- **ABOUT THIS EXERCISE**
The reply must contain exactly the lines below from the one with "Este encuentro de" down to the one with "Life Kit每一期节目长", both included, and nothing more; please omit the pictures.
━━ INPUT ━━
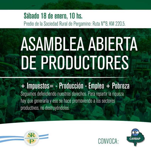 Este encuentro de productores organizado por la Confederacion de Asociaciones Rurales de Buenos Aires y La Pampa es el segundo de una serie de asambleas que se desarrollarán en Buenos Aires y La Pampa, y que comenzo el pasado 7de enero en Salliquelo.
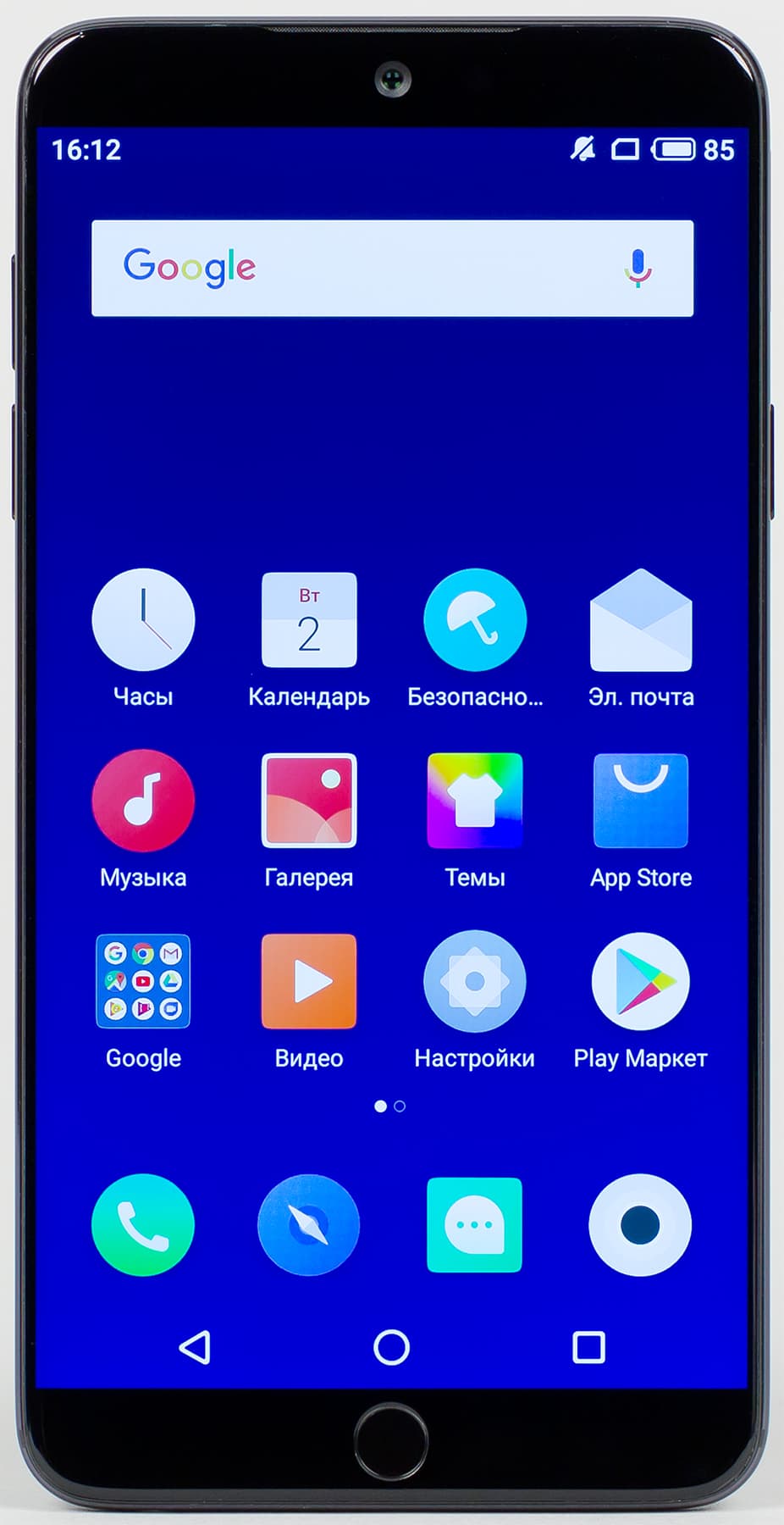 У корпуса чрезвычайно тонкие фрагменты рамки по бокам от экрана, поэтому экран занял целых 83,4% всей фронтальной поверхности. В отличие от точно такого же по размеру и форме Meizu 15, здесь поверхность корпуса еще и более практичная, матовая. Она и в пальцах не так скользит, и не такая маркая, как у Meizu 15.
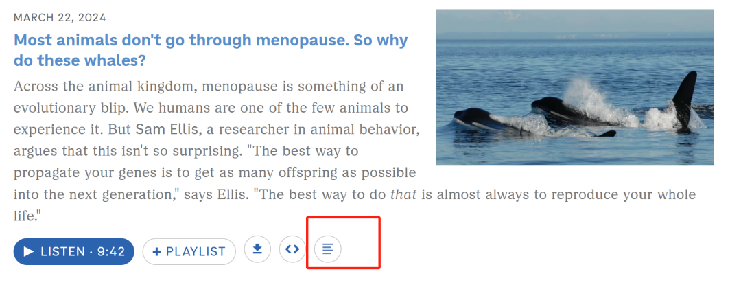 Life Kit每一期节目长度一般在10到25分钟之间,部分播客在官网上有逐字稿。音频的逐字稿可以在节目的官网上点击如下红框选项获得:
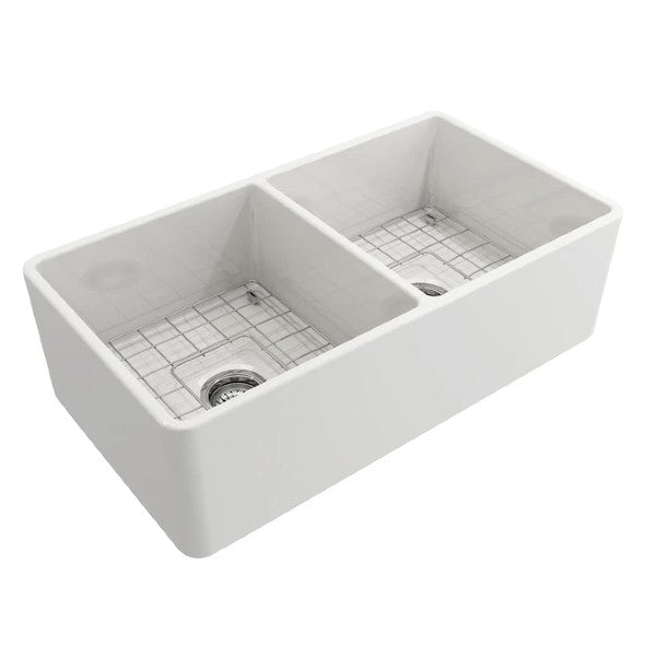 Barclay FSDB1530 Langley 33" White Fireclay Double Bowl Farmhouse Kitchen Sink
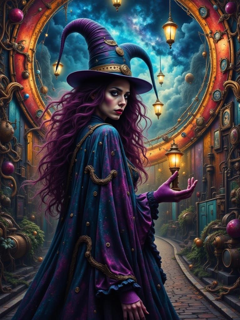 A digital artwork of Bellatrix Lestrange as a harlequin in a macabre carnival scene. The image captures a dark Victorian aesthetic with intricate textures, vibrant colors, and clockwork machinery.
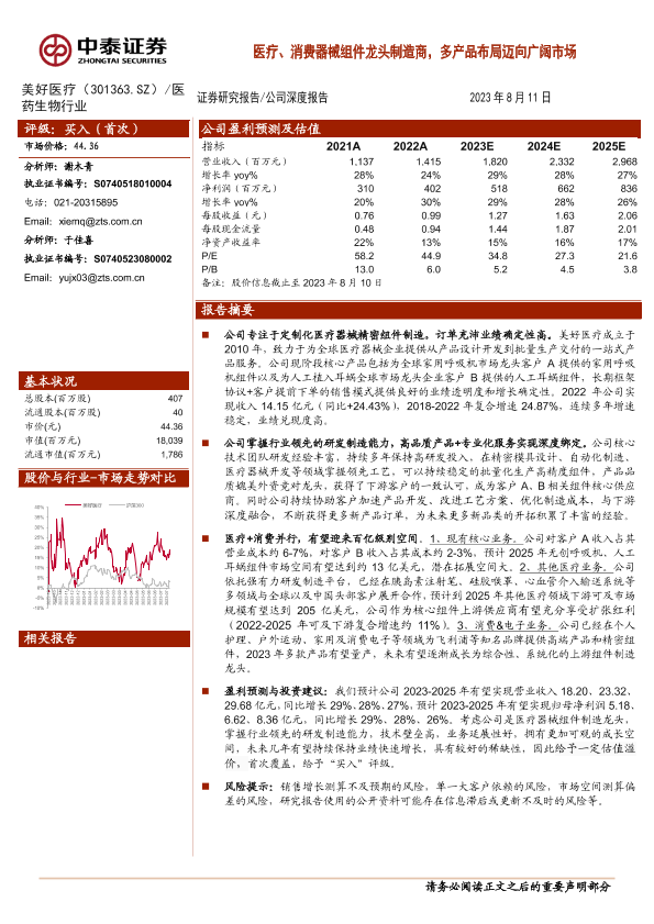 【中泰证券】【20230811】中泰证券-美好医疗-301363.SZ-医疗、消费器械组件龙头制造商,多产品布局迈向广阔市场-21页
━━━
━━ INPUT ━━
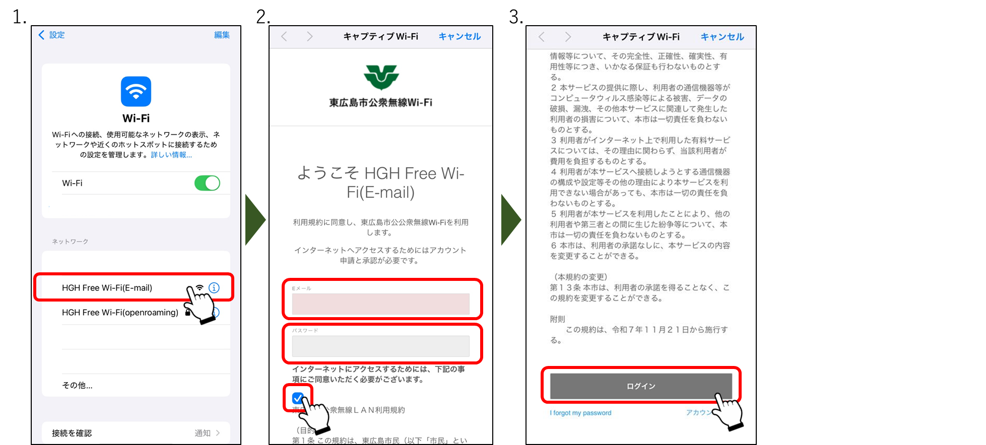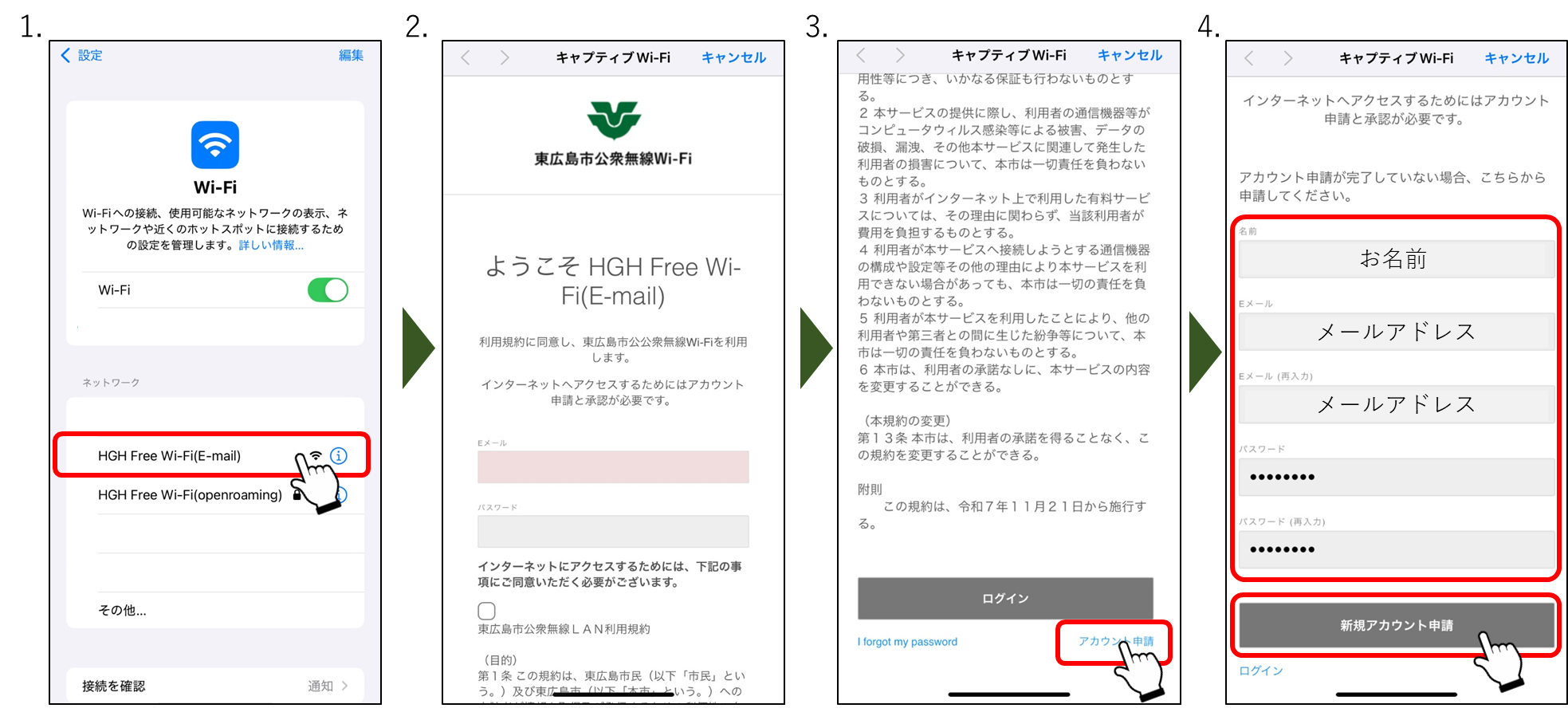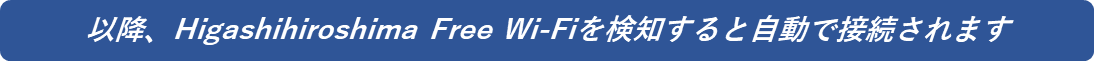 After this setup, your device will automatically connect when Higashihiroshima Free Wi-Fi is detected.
━━━
- **ANSWER SPACE**
 Este encuentro de productores organizado por la Confederacion de Asociaciones Rurales de Buenos Aires y La Pampa es el segundo de una serie de asambleas que se desarrollarán en Buenos Aires y La Pampa, y que comenzo el pasado 7de enero en Salliquelo.
 У корпуса чрезвычайно тонкие фрагменты рамки по бокам от экрана, поэтому экран занял целых 83,4% всей фронтальной поверхности. В отличие от точно такого же по размеру и форме Meizu 15, здесь поверхность корпуса еще и более практичная, матовая. Она и в пальцах не так скользит, и не такая маркая, как у Meizu 15.
 Life Kit每一期节目长度一般在10到25分钟之间,部分播客在官网上有逐字稿。音频的逐字稿可以在节目的官网上点击如下红框选项获得:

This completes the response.